----- SUPPLIED MATERIAL -----
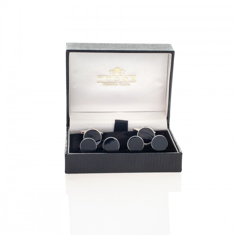 Set butoni argintii cu piatra onix, speciali pentru tinuta de ceremonie.
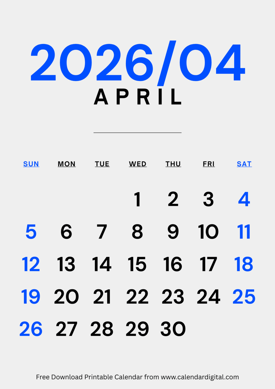 April 2026 Calendar Printable Template - Printable 2026 Calendar
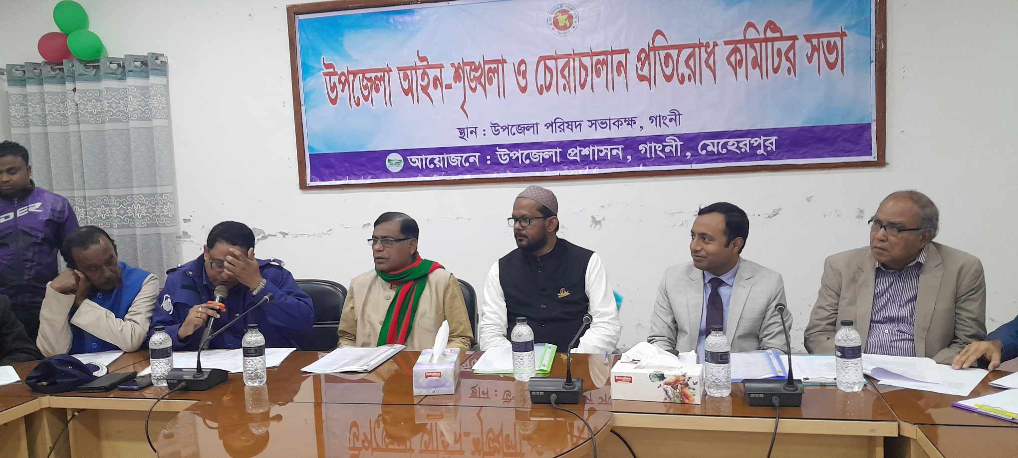 মেহেরপুরের গাংনীতে আইনশৃঙ্খলা ও চােরাচালান প্রতিরােধ কমিটির সভা অনুষ্ঠিত হয়েছে।
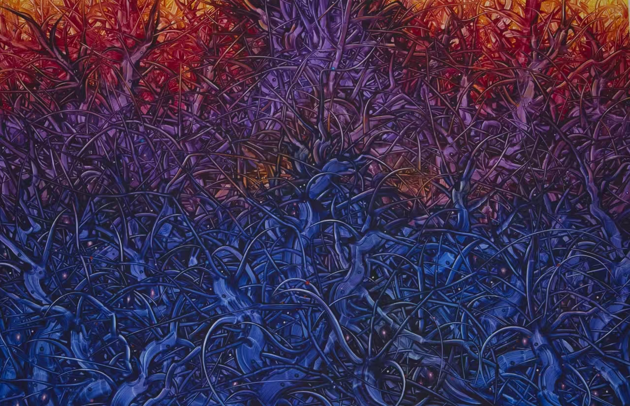 評論家劉寶平表示,袁德華獨創“油畫工筆畫”技法,把東西方美學完美熔鑄,他認為袁德華藝術最核心的突破在于其開創的獨特“油畫工筆畫”的繪畫風格。他創造性地將中國傳統工筆畫精謹入微的線描勾勒、細膩層疊的渲染技法,與西方油畫濃烈豐富的色彩表現力、厚重的肌理質感和空間塑造深度相融合。這種跨文化的藝術實踐,打破了材料與技法的藩籬,使其作品既擁有油畫的視覺震撼力,又散發著工筆畫特有的清雅韻致與精密之美,形成了獨樹一幟、極具辨識度的個人藝術語言。
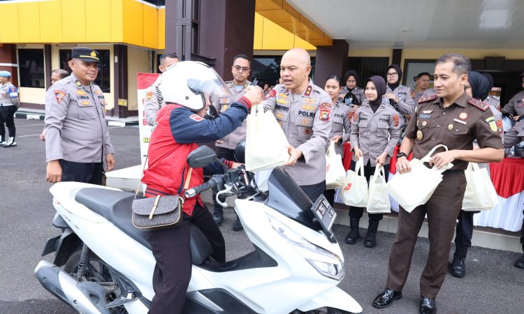 “Hari ini bersama Pak Kajati dan Pak Kasrem beserta Para Pejabat Utamanya, kita melaksanakan kegiatan pembagian tanda mata kepada masyarakat, helm, makanan dan dilanjutkan dengan silaturahmi di aula Tribrata Polda,”kata Hendro Pandowo usai kegiatan.
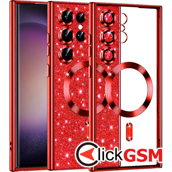 Accesoriu Techsuit - Luxury Glitter MagSafe - Samsung Galaxy S23 Ultra - Red pentru Samsung Galaxy S23 Ultra
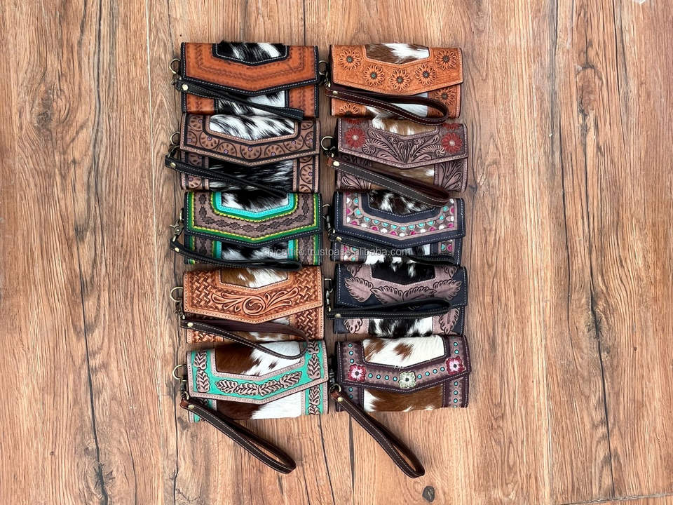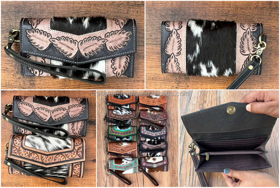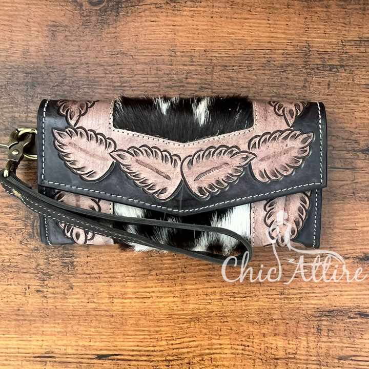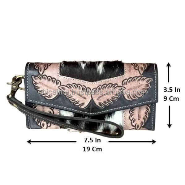 Stylish Luxury Cowhide Fur Clutch Multi-Use Hand Tooled Long Leather Wallet with RFID Feature Logo Pattern Card Holder for Women
-----
WORK ORDER.
Nothing but an exact copy of the data, without its images, should make up your answer.

WRITTEN ANSWER.
 Set butoni argintii cu piatra onix, speciali pentru tinuta de ceremonie.
 April 2026 Calendar Printable Template - Printable 2026 Calendar
 মেহেরপুরের গাংনীতে আইনশৃঙ্খলা ও চােরাচালান প্রতিরােধ কমিটির সভা অনুষ্ঠিত হয়েছে।
 評論家劉寶平表示,袁德華獨創“油畫工筆畫”技法,把東西方美學完美熔鑄,他認為袁德華藝術最核心的突破在于其開創的獨特“油畫工筆畫”的繪畫風格。他創造性地將中國傳統工筆畫精謹入微的線描勾勒、細膩層疊的渲染技法,與西方油畫濃烈豐富的色彩表現力、厚重的肌理質感和空間塑造深度相融合。這種跨文化的藝術實踐,打破了材料與技法的藩籬,使其作品既擁有油畫的視覺震撼力,又散發著工筆畫特有的清雅韻致與精密之美,形成了獨樹一幟、極具辨識度的個人藝術語言。
 “Hari ini bersama Pak Kajati dan Pak Kasrem beserta Para Pejabat Utamanya, kita melaksanakan kegiatan pembagian tanda mata kepada masyarakat, helm, makanan dan dilanjutkan dengan silaturahmi di aula Tribrata Polda,”kata Hendro Pandowo usai kegiatan.
 Accesoriu Techsuit - Luxury Glitter MagSafe - Samsung Galaxy S23 Ultra - Red pentru Samsung Galaxy S23 Ultra
 Stylish Luxury Cowhide Fur Clutch Multi-Use Hand Tooled Long Leather Wallet with RFID Feature Logo Pattern Card Holder for Women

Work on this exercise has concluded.